To be honest, once I heard the word "barium", I just tuned out. My brain shut off.

"You know," I said, when she had stopped talking, "it's not that big a deal. I pop a couple of Zantec and I'm good to go."

"Hmmm..." she said, eyeing me suspiciously. "Suddenly the indigestion isn't so bad, huh?"

"Listen," I said, "my mother lost a good pair of shoes because of a barium enema."

She seemed to sag a little bit on her spine, and J., who had come along for moral support, just sighed and rolled her eyes.

"It's not an enema," the doctor explained. "You swallow it, and it's still chalky and unpleasant, but it's not an enema."

"Does this involve ramming probes into any orifice?"

"No, it's x-rays."

"Okay, I'll do it."

That finished, I wandered off the next week to the gynecologist's office for the biopsy. I was even more nervous about this than the transvaginal sonar dildo. The nurse took my blood pressure (which was slightly elevated, go figure!), and told me to take my pants off and sit on the table. A few minutes later, the specialist came in. I was even further disconcerted, because he looked a lot like my brother, and I wasn't sure how comfortable I was discussing my hoohoo with my male sibling.

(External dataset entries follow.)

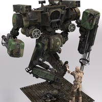 Standing over sixteen feet tall, the LG09 is a heavy level mech featuring a complement of various weapons and many moving parts. The arm ares designed to accept various weapons and implaments including gatlig guns, jaws-o-life and the viscious K-12 saw.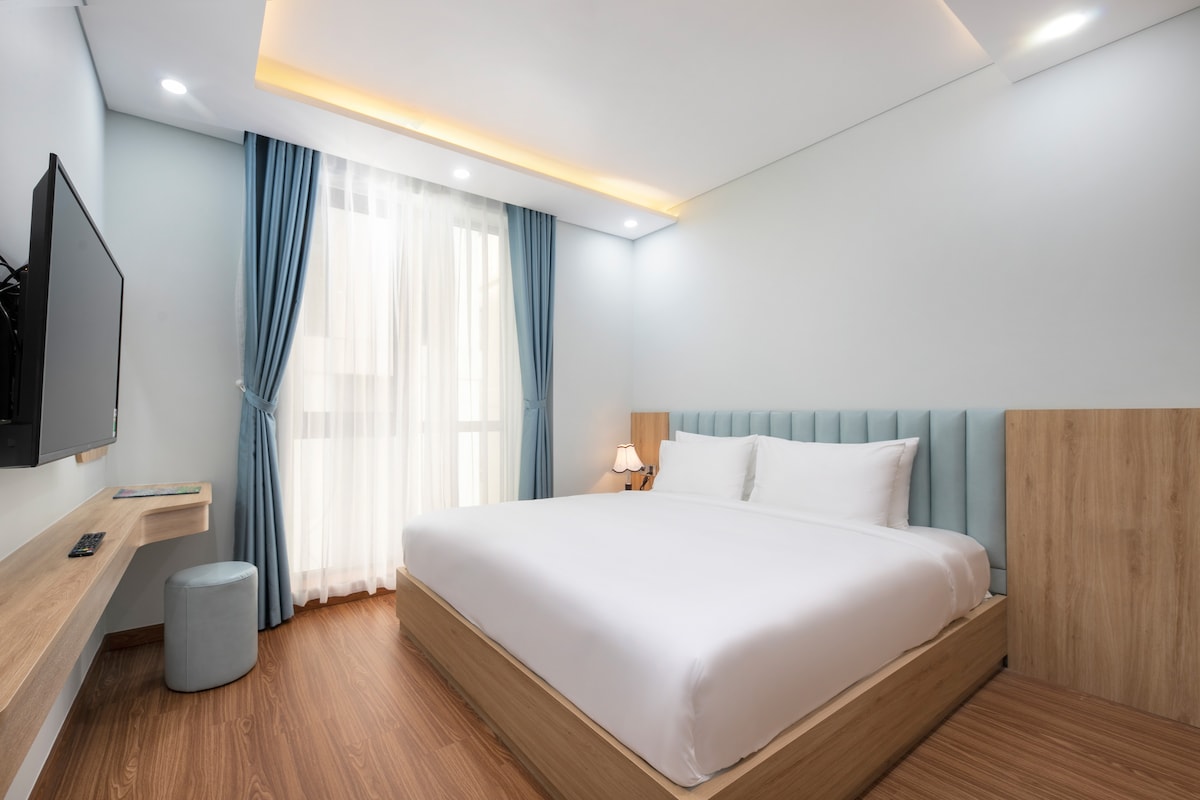 + The room is designed in a modern style combined with warm colors to bring a relaxing feeling when you rest during your trip. + Our hotel is very close to My Khe Beach, only 2-5 minutes walk away. + Located right in the center of walking street, tourist center for foreigners coming to Da Nang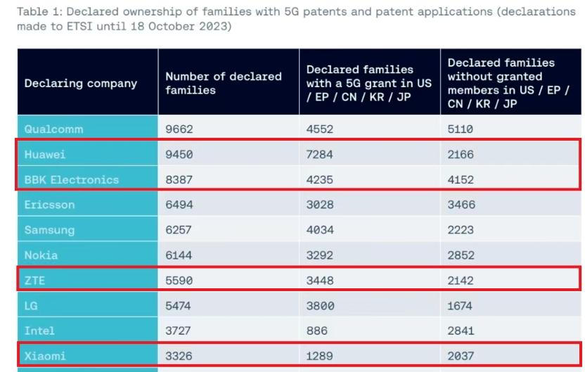 具体的前10大企业排名如上图,可以看到,高通、华为之后,再是步步高、爱立信、三星、诺基亚、中兴、LG、intel、小米。前10大企业中,中国有4家上榜。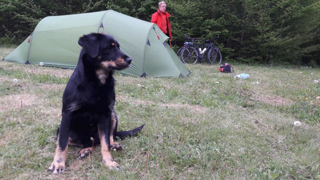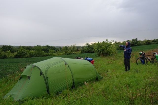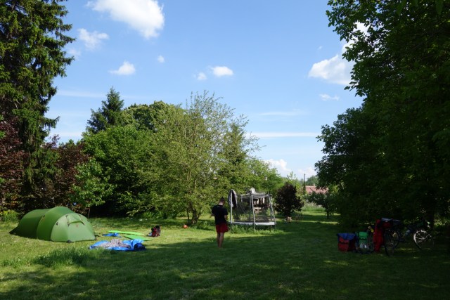 Kurze Zeit nachdem wir das Zelt aufgeschlagen haben, kommt nochmal unsere heutige Nachbarin an den Zaun und gibt Leon Bescheid, dass diese Wiese bis September frei sei. So lange haben wir dann doch nicht vor zu bleiben, doch Leon dankt trotzdem lächelnd für diese außerordentlich hilfreiche Information.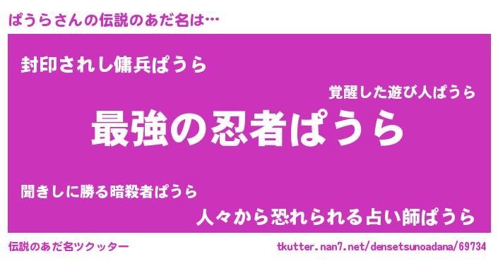 | 男性向けラノベタイトル風あだ名 | 『ぱうら~年齢イコール彼女いない歴の魔法使い~』 |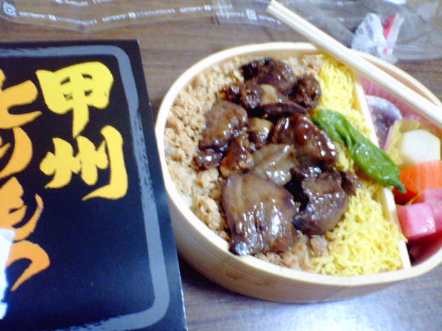 この時は迷った挙句、「甲州とりもつ弁当」を買いました。鳥モツ肉に玉子そぼろと鳥そぼろが組み合わさり、モツなので好みの分かれる所ですが、好きな人にはたまらない一品と思います。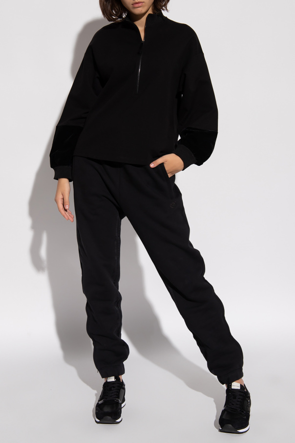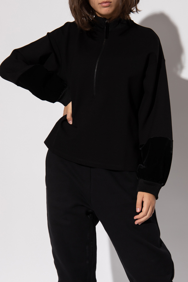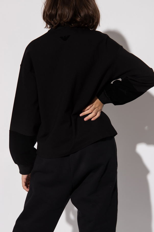 Black sweatshirt with a stand-up collar from Emporio Armani. Cut with an oversize silhouette, this style showcases a metal zipper on the front, a velvet-flocked logo on the back, velvet inserts on the sleeves and elasticized trims on the collar and cuffs.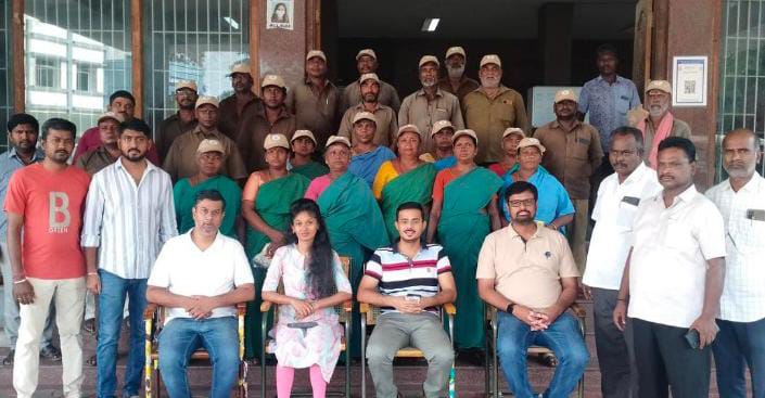 திருப்பூர் மாநகராட்சி ஆணையாளர் பவன்குமார் ஜி கிரியப்பனவர் தலைமையில் மைய அலுவலக வளாகத்தில் உழைப்பாளர் தினத்தை முன்னிட்டு இனி ஒரு விதி செய்வோம் குழுவின் சார்பாக கவிதா ஜனார்த்தனன் தூய்மை பணியாளர்களுக்கு இனிப்புகள், தொப்பி மற்றும் கையுறை (Gloves) ஆகியவற்றை வழங்கினார்கள். உடன் மாநகர நல அலுவலர் கெளரி சரவணன் உட்பட பலர் உள்ளனர்.

Anyway, the specialist said, "Dr. Kasha has indicated that you have a cyst in your ovary and your uterine lining is thick."

"Dr. Kasha," I said emphatically, "is an alarmist."

He seemed to take that well, and went on to tell me that what the radiologist referred to as a large fibroid cyst (i.e. Bryan) is not medically "large" at 3 cm. That's golfball size.

"When I talk about large," he said, "I mean this," and described in the air with his hands an object the size of a turnip.

"Furthermore," he continued, "your uterine lining is well within the range of normal, so we're certainly not looking at cancer."

Whee! So he put me on a birth control pill called "Yaz" (which made me want to break out into "Goodbye Seventies, for some reason), which he says is 90% effective against ovarian and uterine cancers. (Not so much cervical cancer, though, so I still need paps and shit). Also for the first couple of months, I will get my period back.

"Oh, come on!" I snapped. "Serious? I was having a good time until now!"

"I know," he said patiently, "but you only have to do it for the first couple of months. Then you can chose not to have your period again."

"Alright," I said reluctantly. "And no surgery? I was kinda hoping to give Bryan his eviction notice and score some time off work."

"No surgery," he said.

So, while there isn't an immediate resolution to the polycystic ovarian syndrome, and the Red Army will invade the summer house again, all in all, NOT HAVING CANCER is great news. And, NO BIOPSY!

WOOT!

1 comment:

Steam Me Up, Kid said...

You named your cyst Bryan? With a y and everything. Nice.

I had a wart on my elbow named Stanley when I was younger. I cut him off with scissors. It's a lot harder after you've named them.